Bugünkü Yazarlar Tüm Yazarlar
Ahmet B. ERCİLASUN

Ahmet B. ERCİLASUN

Demokratik özerklik sadece bir uğraktır

                Tırnak içinde verdiğim şu alıntıyı herkes dikkatle okumalıdır:

                "Emekçilerin ve halkların eşit ve özgürce yaşadığı demokratik bir cumhuriyete ulaşma yolunda Kürt halkının kendi deneyimlerinden hareketle geliştirdiği demokratik özerklik hedefini Kürt sorununun çözümünde önemli bir uğrak olarak değerlendiren partimiz, Türkiye'nin demokratikleşmesi, halkların özgür ve gönüllü birliği için demokratik özerklik anlayışının sunduğu imkânların bütün ülkede yaşam bulması için mücadele eder."

                Olayları takip eden okuyucular yukarıdaki alıntının HDP'ye ait olduğunu anlamışlardır. Evet, HDP'ye ait. Ama herhangi bir HDP'linin söylediği veya yazdığı bir cümle değil. Doğrudan doğruya parti programından bir cümle. "Kürt sorununda barış, eşitlik ve demokratik çözüm için mücadele" başlıklı bölümün son paragrafı.

                Hani bir zamanlar birileri demokrasi bizim için bir tramvaydır, diyordu ya. Yukarıdaki cümle de ona ne kadar çok benziyor değil mi? Demek ki "demokratik özerklik" neymiş? "Kürt sorununun çözümünde önemli bir uğrak". Hâlâ bilmiş edalarla HDP'nin Türkiyelileştiğinden bahsedenler bu "uğrak"tan sonra hangi uğrakların hedef olarak belirlendiğini HDP yetkililerinden hiç sormuşlar mı acaba? "Kardeşim, demokratik özerklikten sonraki uğrağınız nedir acaba?" diye sormuşlar mı?

                Herkes genel ağa (internete) girip HDP programını okuyabilir. Şimdi programın "yerinde ve yerelde yönetim, demokratik özerklik" başlıklı bölümündeki maddelerden bazı alıntılar yapalım ve ilk uğrakta ne istediklerine bir bakalım:

                "Özerk meclislere dayalı idari yapı... bütçesini  halkın belirlediği yerel yönetim... kamusal alanda ana dilinin kullanımı, çok dilli belediyecilik... yerel kaynakların adil ve etkin kullanımını sağlamak... "

                Demek ki uğraklardan biri olarak belirledikleri demokratik özerklik uğrağında "özerk meclis" istiyorlar, kendi bütçelerini belirlemek istiyorlar, kendi kaynaklarını kendileri kullanmak istiyorlar, kamu alanlarında ve belediyelerde Kürtçe kullanılmasını istiyorlar.

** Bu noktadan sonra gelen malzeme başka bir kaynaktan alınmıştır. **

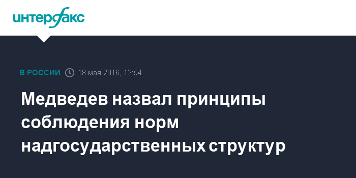 Москва. 18 мая. INTERFAX.RU - Глава российского правительства Дмитрий Медведев считает, что при реализации правовых норм надгосударственных структур должны учитываться интересы России.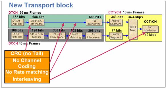 新的 33kbps RMC实现: 当向UE发送无线电承载设置消息时,3GPP 规范最初允许为传输块选择“无信道编码”。当传输块为DTCH选择“无信道编码”时。所有其它参数,如传输时间间隔、DCCH配置和传输块多路转换都保持与12.2 kbps RMC相同。在提议的协议中,除增加未编码传输块的大小外,所有信令和物理层参数都没有变化,并去掉了信道编码和速率匹配功能。在无线电承载设置消息中,测试装置指示UE在DTCH的上行链路和下行链路中使用“无信道编码”。此外,为保持信道对称和所有其它传输格式的可变常数,测试装置也指示增加未编码传输块的大小,这样,在测试装置和UE传输通路中的第一个交织级上就出现同样大小的块(如图2所示)。图4描述为新协议改进的DTCH。在新协议中,672 DTCH 数据比特在 一个20ms帧内发送,这样,原始数据率就从12.2kbps增加到33.6kbps,然后再增加16位 CRC比特。所构成的688个数据块直接加到第一个交织器,以供进一步的处理。应注意当 DTCH选择了“无编码”这一选项时,就不需要上行链路或下行链路中DTCH bit的穿孔(由速率匹配块提供)。对于上述系统仿真器的33.6kbps RMC实现,在UE物理层或协议配置上不需要进行任何实现改变。

                Fakat iş bunlarla bitmiyor. Maddelerden hemen sonra gelen paragrafta bakın daha neler istiyorlar:

                "Partimiz için sağlık, eğitim, çevre, kültür, ulaştırma, bayındırlık, tarım, trafik ve güvenlik hizmetleri hakkındaki kararların alınmasında ve yürütülmesinde asli yetkili yerel yönetimlerdir. Merkezi vesayeti ortadan kaldırmak ve yetkinin yerele azami ölçüde devri için valilerin seçilmesini; yerellerin kendilerini, topraklarını, bölgelerini ve kaynaklarını etkileyen gelişmeler üzerinde söz ve karar sahibi olmalarını sağlamak demokratik bir hedeftir."

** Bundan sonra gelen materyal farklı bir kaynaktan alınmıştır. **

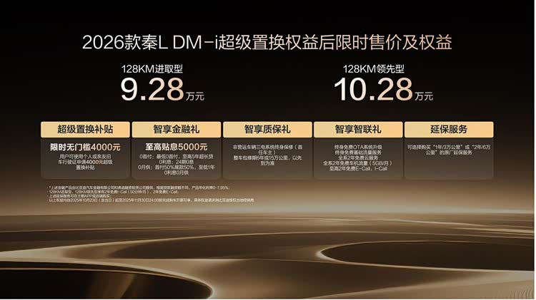 2026款比亚迪秦L DM-i上市,置换价9.28万元起

                Her hâlde anlaşılıyor ama ben yine biraz açayım. Valilerini kendileri seçmek istiyorlar, topraklarını, bölgelerini ve kaynaklarını kendileri idare etmek istiyorlar. Sağlığı, eğitimi, kültürü, ulaştırmayı ve güvenliği... hepsini onlar idare edecek. Eh daha ilk uğrakta neredeyse ayrı devlet istiyorlar. Ve bazıları hâlâ HDP'nin Türkiyelileştiğinden bahsediyor. Ve birileri de çözüm süreci adı altında yıllarca bunlarla görüşmelerde bulunmuş. İmralı ile Kandil arasında bunları ara bulucu olarak görevlendirmiş. Ve başka birileri de bunlarla gizli görüşmeyelim de TBMM'de görüşelim diyor.

                Her şey bu kadar açık. Talepler bu kadar açık. Ve siz hâlâ çözüm süreci diyorsunuz; hâlâ "uygun ortam olursa çözüm sürecini buzdolabından çıkarırız" diyorsunuz. Ne yani? Silahları bırakırlarsa bu talepleri yerine getirmeye hazır mısınız?